I pick up fragments of plate, feel their sharpness. I wonder how tiny a fragment you can become after everything’s been split once, twice, a thousand times. Do they find ways to split the tiniest fragments too? Doesn’t anything stop?

Some nights, I dream of the biggest room available. A room in a distant city, perhaps. Perhaps in Europe, even. And I dream of picking every single detail, every CD, every pillow and sheet, every book. I want to read books that Mom hates, like Huckleberry Finn and to go bowling, which Dad thinks isn’t rough enough. I want a Gothic room, with elegance and arches. And I want a doorman to buzz Mom or Dad up. And I really want to insist that they make appointments to see me, to which I’d respond that I’m well booked in advance. But I might be able to see them with proof of good behavior. I want to pronounce the words with precision like some king, tutored by the best.

But there are too many words, swirling in my mind, like the soggiest of alphabet soups.

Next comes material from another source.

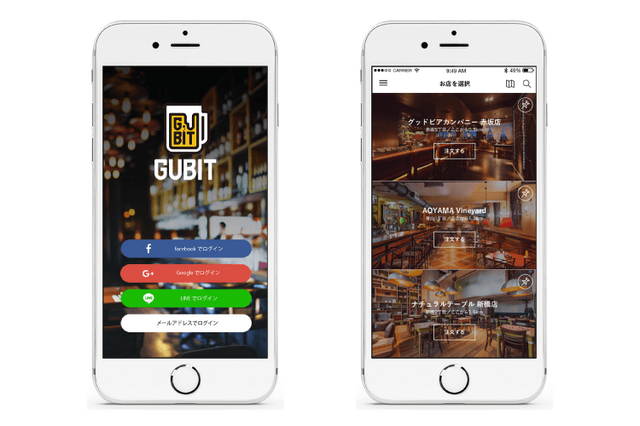 「GUBIT」は「毎日1杯、お疲れさまの1杯」をコンセプトに、お得にいつでもお酒を楽しめるサービス。iOSまたはAndroid対応のアプリより登録することで、GUBIT加盟店で、毎日乾杯ドリンクの提供を受けることができるようになります。飲みたいお酒の種類、ビールはブランド別に検索することも可能です。

They ask me for a word to define myself. An adjective, a verb. Parent-assigned therapists ask me how I see my future. The shape, the scope, all of that. And truth be told, I just spout something, anything, arts, business, law, but too often nothing at all.

Silence is the one good, true thing that follows me through class, down afternoon streets and alleyways. She looks with me to the skies, to the windows where people laugh and move, their lives in motion, motion, more motion. She doesn’t comment when I try to insert myself into their familial portraits or when I try to snatch a real smile from some mother striding down the street or a child’s laughter, sandwiched between parents with perfection. Silence understands. I’m just another being among these people, something who looks whole. She walks beside me without a word, until I get to one home or another. Then she follows me with grace until my hand touches the doorknob. I slink inside yet again, waiting to be sliced even further, silence reaching, reaching, but of course, never able to get in. But silence hasn’t learned to give up.